Public employees may challenge dismissals by claiming that the firing violated their First Amendment rights to free speech and association; however, that path is unavailable to USAs. The Supreme Court has held that a person cannot be forced to forfeit her First Amendment protections as a condition of public employment, [FN203] but the prohibition on encroachment of speech is not absolute. [FN204] Generally, if an employee fired for her speech can demonstrate that the speech at issue is a matter of “public concern,” [FN205] a court will engage in a balancing test between the interest of the fired employee and the employer-state in serving the public. [FN206] Despite the Court finding significant safeguards for employees in the First Amendment, [FN207] USAs do not enjoy such protection because they are “policymaking” employees. [FN208]

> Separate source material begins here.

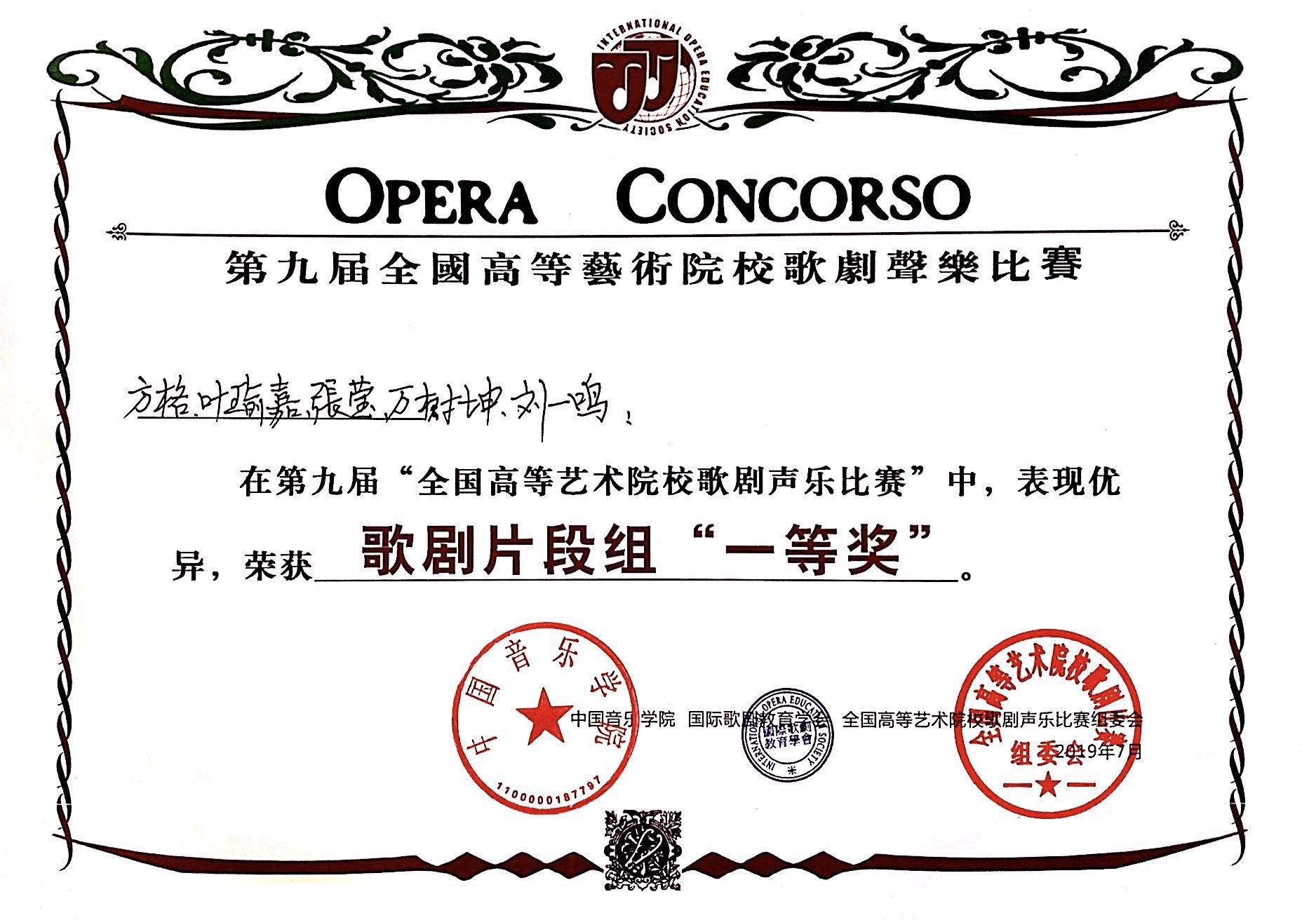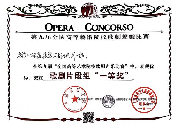现场,近千名展演选手从世界各地汇聚在青岛,共同参与此次声乐展演的盛况。我院学生充分展现优秀的专业素养,在展演中发挥出色,取得优异成绩。在歌剧重唱片段组决赛中,方格、叶瑜嘉、张莹、万树坤、刘一鸣演唱的五重唱《我们有一个大事件》选自歌剧《卡门》片段获得一等奖;梁齐蓉、康康国玉、李想、杜柏林、金振宇演唱的五重唱《我们有一个大事件》选自歌剧《卡门》片段获得二等奖;梁齐蓉、金振宇、王美玲、杜柏林、李洋、高艺芳演唱的民族歌剧《雷雨》片段,金振宇、王美玲演唱的二重唱《四凤,我的小羊》选自歌剧《雷雨》,熊同天、薛昊明演唱的二重唱《一会儿,我们悄悄去花园》选自歌剧《唐帕斯夸勒》获得三等奖。在歌剧咏叹调专业院校本科生组决赛中,康康国玉、王博获独唱类二等奖,熊同天获得三等奖,贾梦颖、王馨获得优秀奖。在中国作品专业院校本科生组决赛中,雕珊婷、覃苑旻、刘鸿枭、周先扬获得优秀奖。在外国艺术歌曲专业院校本科生组决赛中,薛昊明获得优秀奖。在外国艺术歌曲综合院校本科生组决赛中,楼业达获得优秀奖。学院声乐歌剧系教师陶维龙、胡雁、张蓉、刘伟获得“优秀指导教师奖”,学院声乐歌剧系教师金麦克荣获“优秀艺术指导奖”,声乐歌剧系获得最佳组织奖。

Neither can the USAs bring a due process claim based on a property interest in their positions. Property interests in employment are statutory— not constitutional—entitlements. [FN209] The Supreme Court has broadly interpreted “property” protection, [FN210] but if an employee's status is provisional, untenured, or otherwise lacking a reasonable basis for an entitlement to her employment, an employee does not have a property interest in her employment. [FN211] Government employees who serve as at-will employees do not have a property interest in their continued employment, [FN212] and as presidential appointees …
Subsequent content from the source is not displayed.